Find the perfect vegan chocolate cake recipe that is both easy to make and indulgent.

🕒 Prep: 15 mins - Cook: 25-30 mins - Total: 40-45 mins
🍽 Servings: 2
🔥 Difficulty: Easy
🌎 Cuisine: Spanish

Allergens

Nuts (Almond)

Ingredients

  • 1 cup almond flour
  • 1/2 cup coconut sugar
  • 1/2 cup unsweetened cocoa powder
  • 1/2 tsp baking soda
  • Pinch of salt
  • 1/3 cup unsweetened almond milk
  • 1/4 cup coconut oil, melted
  • 1 tbsp white vinegar
  • 1 tsp vanilla extract
  • For the Coconut Cream:
  • 1 can full
  • fat coconut milk, refrigerated overnight
  • 2 tbsp maple syrup
  • 1/2 tsp vanilla extract

Instructions

  1. Preheat oven to 350°F (175°C). Grease and line an 8 inch cake pan.
  2. In a large bowl, whisk together almond flour, coconut sugar, cocoa powder, baking soda, and salt.
  3. Add almond milk, melted coconut oil, vinegar, and vanilla extract. Mix until smooth.
  4. Pour batter into the prepared cake pan. Bake for 25 30 minutes or until a toothpick inserted comes out clean. Let cool completely.
  5. Open the can of coconut milk. Scoop out the solidified cream, leaving the liquid behind. Beat the cream with maple syrup and vanilla extract until fluffy.
  6. Slice the cake into two layers.

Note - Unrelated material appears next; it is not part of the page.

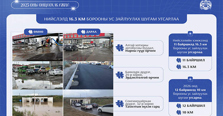 Энэ онд нийслэлийн хэмжээнд 11 байршилд 16.3 км борооны ус зайлуулах шугам шинээр угсарч, 2022 оноос он дамжин хэрэгжиж байсан…

Place the bottom layer on a serving plate, spread coconut cream evenly, then top with the second layer. Frost the top and sides with remaining coconut cream. Dust with cocoa powder.

Chef’s Insight

The contrast between the rich chocolate and the light coconut cream creates a heavenly balance that elevates this cake to new heights.

Notes

This recipe can be easily doubled for a larger gathering.

Cultural or Historical Background

This dessert is inspired by traditional Spanish cakes but with a modern vegan twist.